To sum up, based on five selected criteria a recommendation can be made according to the three solutions as shown in Table 3. The selected criteria can be considered as main steps of a data mining process. Based on a real data set, we tested the performance and number of available operations of all three analytics solutions according to these criteria. All three scenarios are assessed based on defined facts to make recommendations from our tests.

Table 3. Recommendation based on five selected criteria

4 Conclusion

The number of unexpended data is growing at a breathtaking pace year by year. Scientists as well as managers have to deal with an exponential growing number of data in the next years [24]. In order to provide a remedy, there are different solutions in the market place both commercial and open-source. This paper compared three different and widely used Predictive Analytics Solutions on Hadoop based on a large real-world data set: Spark, IBM and RapidMiner. First, we investigated each solution by itself describing its technical implementation, features and restrictions. Afterwards, we considered Predictive Analytics Algorithms in different scenarios and compared all three solutions with each other in terms of data access, data preparation, modeling, evaluation and deployment. As a result, the choice of an appropriate Predictive Analytics Solution mainly depends on its specific application, the volume of data that should be read and the complexity of the data preparation. For firms with less complex data structures, classical data management concepts (i.e. on-premises data warehouse solutions) within the company might be sufficient.

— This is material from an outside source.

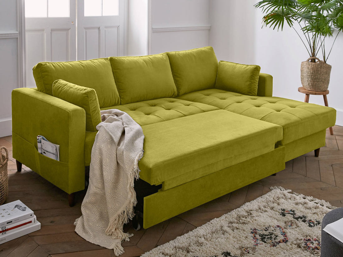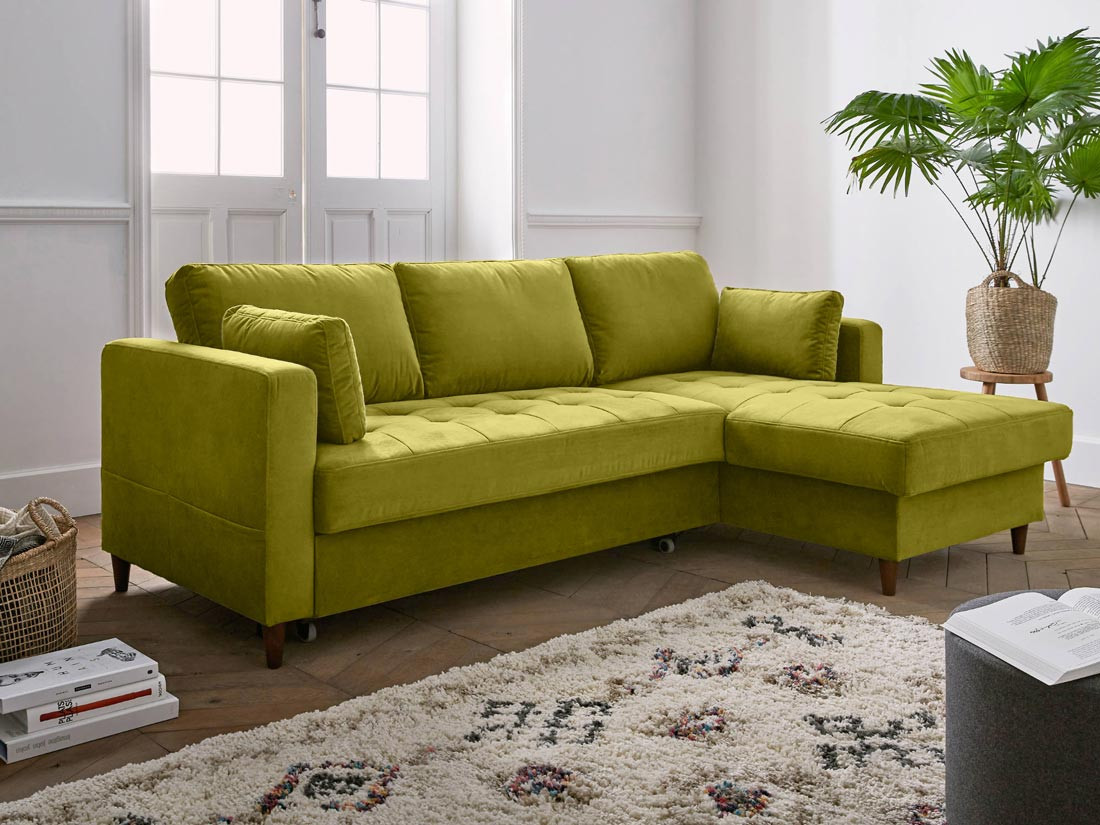 | Libellé | Anna - canapé d'angle droit - 4 places - convertible avec coffre - en velours |

The results contribute to the current research. Using Predictive Analytics Algorithms helps to understand how these solutions work within different scenarios. A comparison shows the strengths and weaknesses of each Predictive Analytics solution to reveal potential opportunities and risks when operating with Big Data [24].

Beyond, there are also managerial implications regarding Predictive Analytics Solutions. Managers can use our study as a recommendation when and which Predictive Analytics Solution is to use. An appropriate usage with the most convenient Predictive Analytics Solution might help to better understand the mass of data. Thus, analyzed data about customers might be useful to get essential insights about customer needs which in consequence lead to higher customer satisfactions and higher profits.

There are also some limitations regarding our examination. First, there are different aspects that were not taken into consideration like company size, different usage in different industries as well as different technical know-how within a company and/or possible missing IT infrastructures. Especially the last aspect is an important issue for managing Big Data in “the age of cloud computing” [5, 6], which is connected with the choice between Cloud- or On-Premises-Hadoop-Technologies. Second, we only considered three different Predictive Analytics Solutions. In fact, there are many more services available to analyze Big Data. Some of these services are based on new concepts. So called Data Lakes are integrating classical Data Warehouses and Hadoop-Clusters. Examples are HDInsight, a Microsoft Hadoop-Platform, based on Hortonworks Data Platform (HDP) or Analytics Platform System (APS).

Hence, future research should focus on investigation of various Predictive Analytics Solutions within firms depending on different industries, levels of know-how and IT infrastructures to gain deeper knowledge about an optimized use of data analytics.